On Friday, January 20, 2023 at 2:43:03 PM UTC-6, Richard Hertz wrote:
> On Friday, January 20, 2023 at 5:24:02 PM UTC-3, Volney wrote:
> > On 1/20/2023 9:38 AM, Richard Hertz wrote:
> <snip>
>
> YOU CAN'T DISMISS THE EFFECT OF ELECTROSTATIC REPULSION, AS IT CAN BE MUCH HIGHER THAN
> THE MOMENTUM OF THE COLLIDING ELECTRON!!!
> Trajectories follow an asymptotic path and DO NOT VERIFY 90".
On Friday, January 20, 2023 at 2:43:03 PM UTC-6, Richard Hertz wrote:
> On Friday, January 20, 2023 at 5:24:02 PM UTC-3, Volney wrote:
> > On 1/20/2023 9:38 AM, Richard Hertz wrote:
> <snip>
>
> YOU CAN'T DISMISS THE EFFECT OF ELECTROSTATIC REPULSION, AS IT CAN BE MUCH HIGHER THAN
> THE MOMENTUM OF THE COLLIDING ELECTRON!!!
> Trajectories follow an asymptotic path and DO NOT VERIFY 90".
This post replaces a deleted post for which I provided an incorrect link
(the second one)
Because of other activities (including taking my wife to see The Lion King
and various personal projects) I haven't had a chance to work on my
simulation. What I -have- done is do a few math calculations to get an idea
of what I may expect when I finally get around to programming this thing.
I'll start by using a simple Euler method for numerically solving the
differential equations. A fundamental rule of computer programming that
I always follow is to avoid premature optimization.
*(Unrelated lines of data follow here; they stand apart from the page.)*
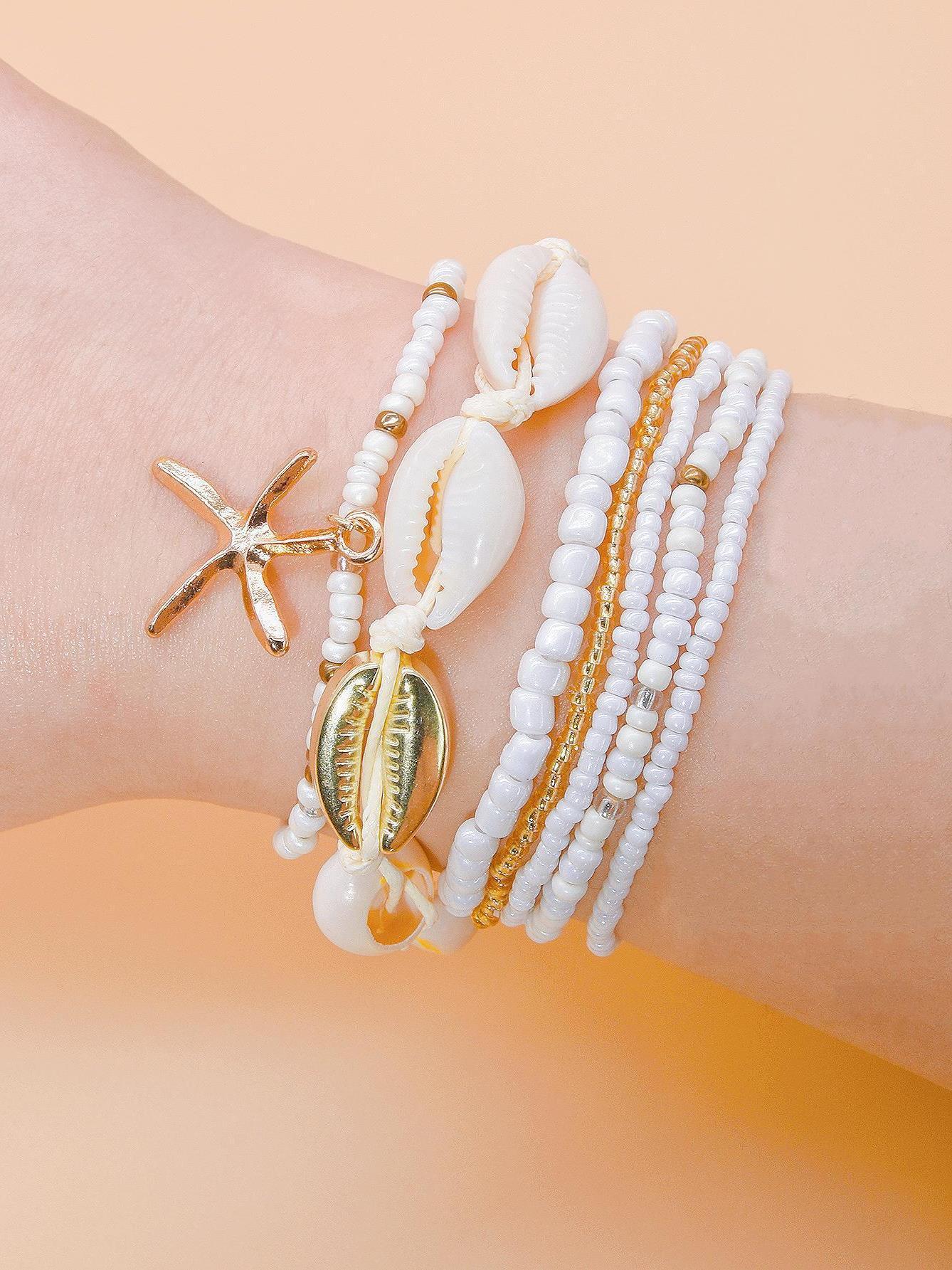 Zinc Alloy Bracelet Set with Shell & Glass Seed Beads handmade ocean design & for woman Sold By Set
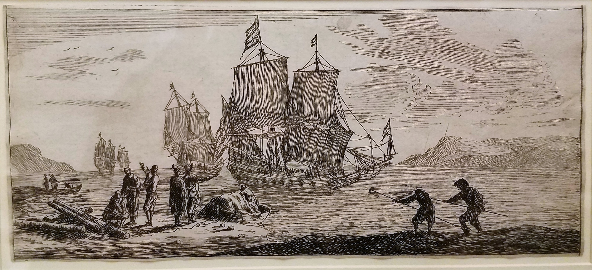 Item description: 17th century print of four sailing vessels in a bay with a number of workers on shore.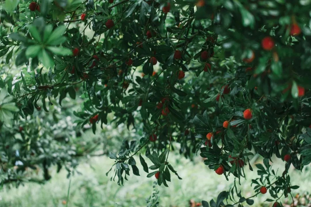 ▲ 在雾中生息的仙居杨梅,颗颗灵动。(图1、2 | 粥粥的周 © )

I am perfectly capable
of using more sophisticated methods including fourth and sixth-order
Runge-Kutta, and I've done some exploration of symplectic integrators,
but going to those methods prematurely would be a waste of time until
I get the basic algorithm right.
I am presuming that the total acceleration on each electron of an
interacting pair is the sum of acceleration due to a force directed along
the line between the two electrons, a_n, and deceleration of each
electron due to loss of energy by Bremsstrahlung, b_n. In implementing
the Euler method, I calculate the n+1 step from the n step as follows:
https://drive.google.com/file/d/1K5TeRETg3veTs5H34TppdcTShJCGYX_I/view?usp=share_link
I calculate a_n from Coulomb's law, and I calculate b_n using the non-
relativistic Larmor formula. As I've explained before, I am avoiding the
correct relativistic expression because the whole point of this exercise
is to see whether Champion's results can be explained as a result of
non-relativistic effects. Can you check over my math? Thanks!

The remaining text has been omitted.